If rape is a form of theft, what did it steal?

It stole my sense of self
It stole my future, what I could have been
It stole my ability to have relationships
it stole my sexuality
it stole my trust
it stole my place in this world
it stole my sense of security
it stole my freedom
it stole my belief in authentic love
it stole my vulnerability
it stole my innocence
it stole my family and any sense of what "family" is
it stole my ability to feel emotions or share them appropriately
it stole my ability to just be myself
it stole my purity
it stole my tears
it stole my voice
it stole my childhood
it stole my happy memories, all my birthdays and Christmases.
It stole my virginity.
It stole my beauty and any sense of self-worth.
It stole my ability to look at myself in the mirror, to dress myself or to fit in anywhere.
It stole my privacy.


If rape steals something from you, what parts of you are NOT gone?

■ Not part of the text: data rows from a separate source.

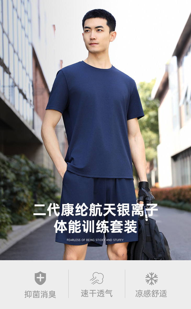 【实付满399送保温杯】【二代康纶航天银离子体能训练套装】圆领弹力运动衣服 透气吸湿排汗短裤短袖套装X001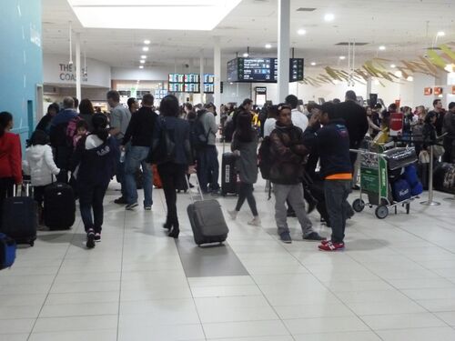 いきなりですが、ゴールドコースト空港で出国審査。荷物検査をするところが少ないのか、1つの列が延々と空港カウンター前の検査設備前に連なっています。 それにしても、なんでこんなに長いの? 途中、どこかの航空会社の地上係員が、フライトの名前と時間…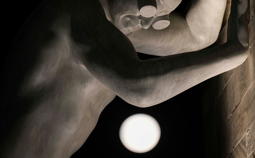 Η πανσέληνος του Ιουλίου ανατέλλει πάνω από το γλυπτό «Mr Arbitrium» του Ιταλού καλλιτέχνη Emanuele Giannelli που ακουμπά στην Αψίδα της Ειρήνης. Η πανσέληνος, γνωστή και ως το «Φεγγάρι του Ελαφιού» ή υπερπανσέληνος, πρόσφερε στον κόσμο ανά τον πλανήτη μοναδικά, φωτογραφικά κλικ.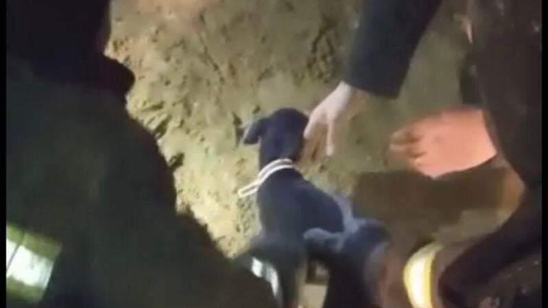 Los bomberos rescatan a un perro pequeño atrapado en una madriguera de conejo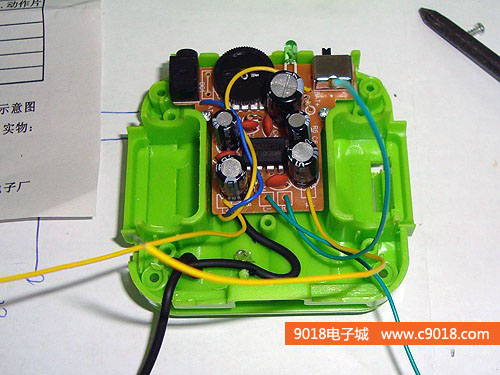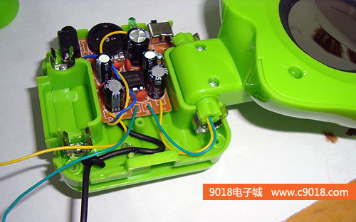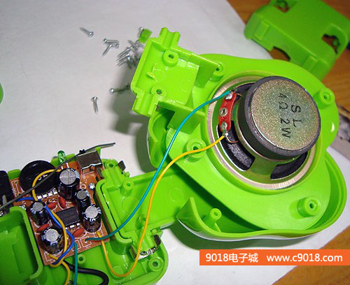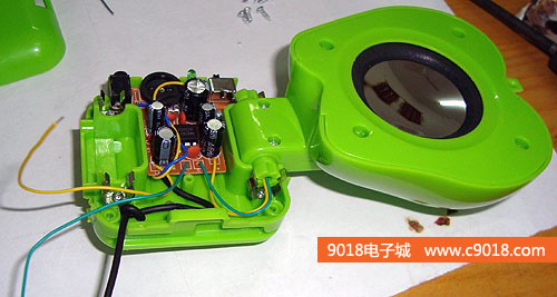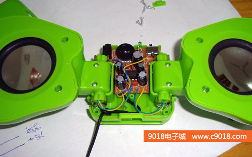 15、裝喇叭和音箱,喇叭裝在音箱上用膠粘牢,再焊上喇叭線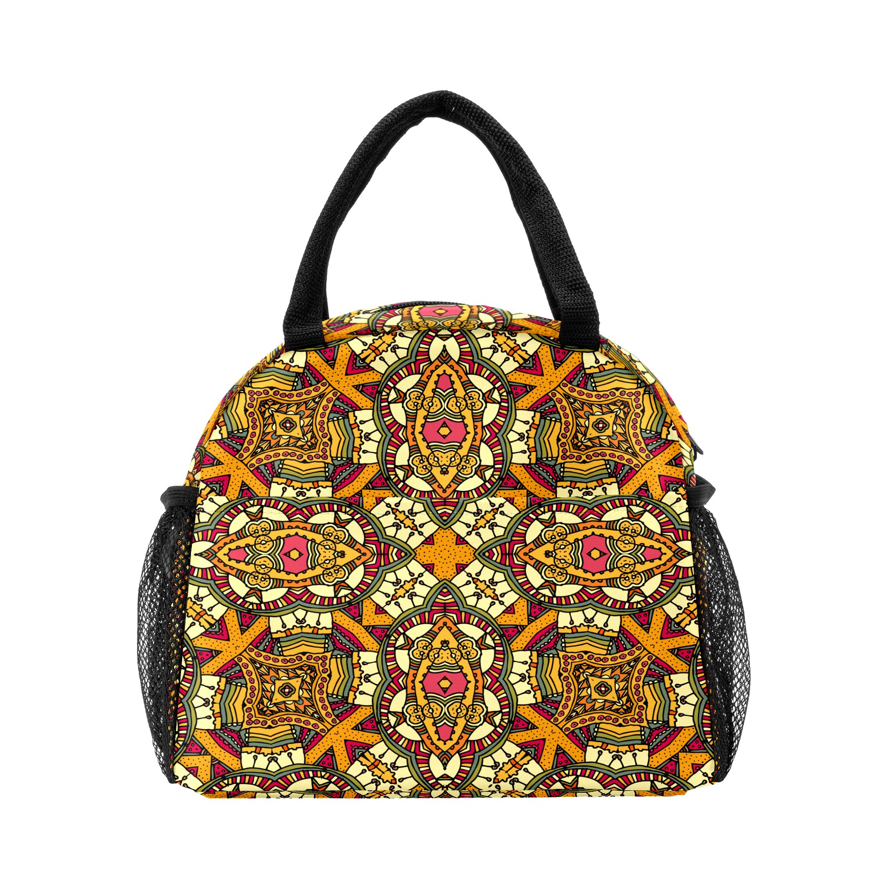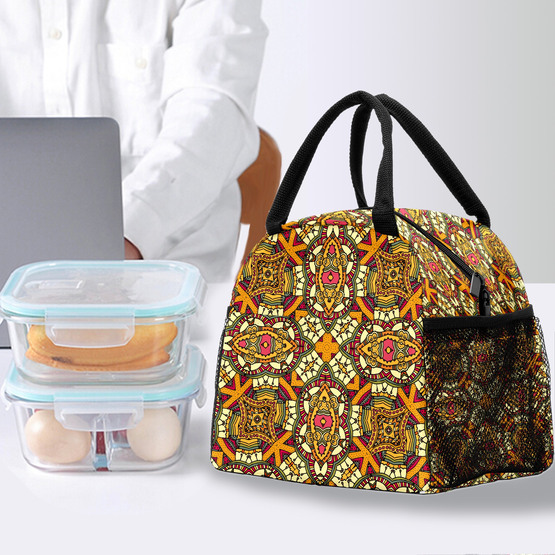 Lunch Bag for Women Men, Vintage Ethnic Boho Floral Print Insulated Reusable Lunch Box Thermal Cooler Tote Bag for Work Picnic Hiking Travel Beach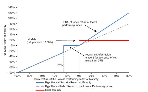 Because the hypothetical closing level of the lowest performing Index on the call date is greater than its hypothetical starting level, the securities are automatically called on the call date and you will receive on the call settlement date the principal amount of your securities plus the call premium of 18.00% of the principal amount. Even though the lowest performing Index on the call date appreciated by 30.00% from its hypothetical starting level to its hypothetical closing level on the call date in this example, your return is limited to the call premium of 18.00%.

My incest and rapes did not take away my inner strength or determination.
It all strengthened my intuition.
My tenderness
My compassion.
My awareness and alertness.
Willingness to learn and to change.
Willingness to make the world better, somehow.
I am a good mother.
I have patience.
I love deeply and authentically, when I love.
My loyalty and my thoughts and ideas.
I still write, because nothing can take that away from me.
I am acutely empathic.
I am a good teacher and speaker.


So, with all that said, I know there's more. But it's a tender place to touch.

Today, as I was driving home from running errands, I got enraged. Just out of the blue, rageful - it was all aimed at Gary. Started shaking, almost pulled over to take a klonopin. But then I just started crying and the question that kept running through my mind, really applies to both Gary and my father: "Why?" and from there it went directly to my father. "Why did you do that to me? Why did you do this to me?"

The answer comes back to me in my mind, in Gary's voice: "I didn't do anything to you."

Everything is so mixed up... Everything and I just hurt. So confused. So hurt.

I feel alone because of him. I feel alone because, once again, someone couldn't love me. It's not fair to say nobody loves me because there are people who proclaim they do but when he said he didn't love me anymore, the alone-ness hit me like a brick to my stomach. It was like being raped again. Being told to trust, encouraged to heal, open up, do what you have to do...only to be abandoned when it gets ugly. To be judged for the ugly. Ridiculed publicly. Publicly humiliated. My privacy spread out like a billboard. My shame exposed to the entire world.

So my rage - this god awful rage - is aimed at him and those who believe him, when it should be aimed at the man who caused all of this to happen to me: my father. Daddy. And the many other men who used my body and beat me and threw me away.

I understand. I get it. But how do I do it? I feel so alone.